Enso:
Would be glad to answer specific questions regarding the expected use and performance.
I have gone so far as to have a board built for the last posted update. However, I have been tied up on work, so I've not had the time to bring up the design on the board. The parts are burning a hole in the carpet in my office.
Let me clear up a few of things first regarding the M65C02 implementation:
(1) it is not intended as a replacement or emulation of the WDC 65C02S.

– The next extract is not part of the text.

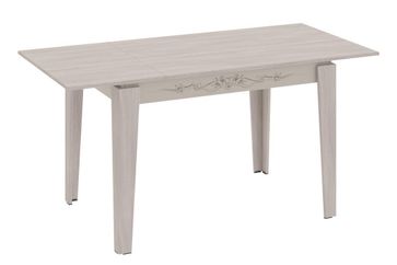 Обеденный стол Лацио станет изящным дополнением современного интерьера кухни, столовой или гостиной комнаты. Изделие способно сделать помещение практичным и привлекательным.<br> Преимущества: <br> раскладная столешница — ширину стола можно легко и быстро увеличить до 1550 мм;<br> очаровательный декор — подстолье модели украшено растительным рисунком, что создает привлекательный образ;<br> угловые опоры — обеспечат высокий уровень устойчивости конструкции.<br><br> Для изготовления столешницы и опор изделия используется ЛДСП.<br> None Страна производства: Россия

It is an example of how to take the core, M65C02_Core, and add the external components needed to construct a 65C02-compatible processor. In another thread, I think that you defined four or five categories of cores. I generally agree with your categories. I would place the M65C02_Core in your category of cores which are capable of executing 65C02 instructions generated by a standard 65C02 assembler. It has never been my intention that the core be anything other than that; I am not particularly interested in playing 6502 games or other retro-computing activities. On the other hand, I am interested in creating a processor core that can be used to power specialized application-specific, FPGA-based products, and I'd like to be able to make use of freely available tools and such.
(2) the M65C02 processor implementation attempts to implement an external memory interface similar to that of a 6502
To provide a bus interface similar to that of a real 6502 mechanism, I decided to use a four clock cycle microcycle. This fixed microcycle length can be extended by an external device, and each additional "wait" state is a multiple of four clock cycles. Thus, the 50% duty cycle relationship of Phi1 and Phi2 is maintained.
(3) I generally adhere to the policy of using synchronous I/O.
I've found over the years that it is difficult to control the differential path delays for asynchronous signal paths. This is particularly true for signals that may drive multiple I/O pins. The M65C02 processor was implemented in a manner that places registers in most (if not all) I/O pins. There is a performance penalty for this design approach, but I was willing to accept the results.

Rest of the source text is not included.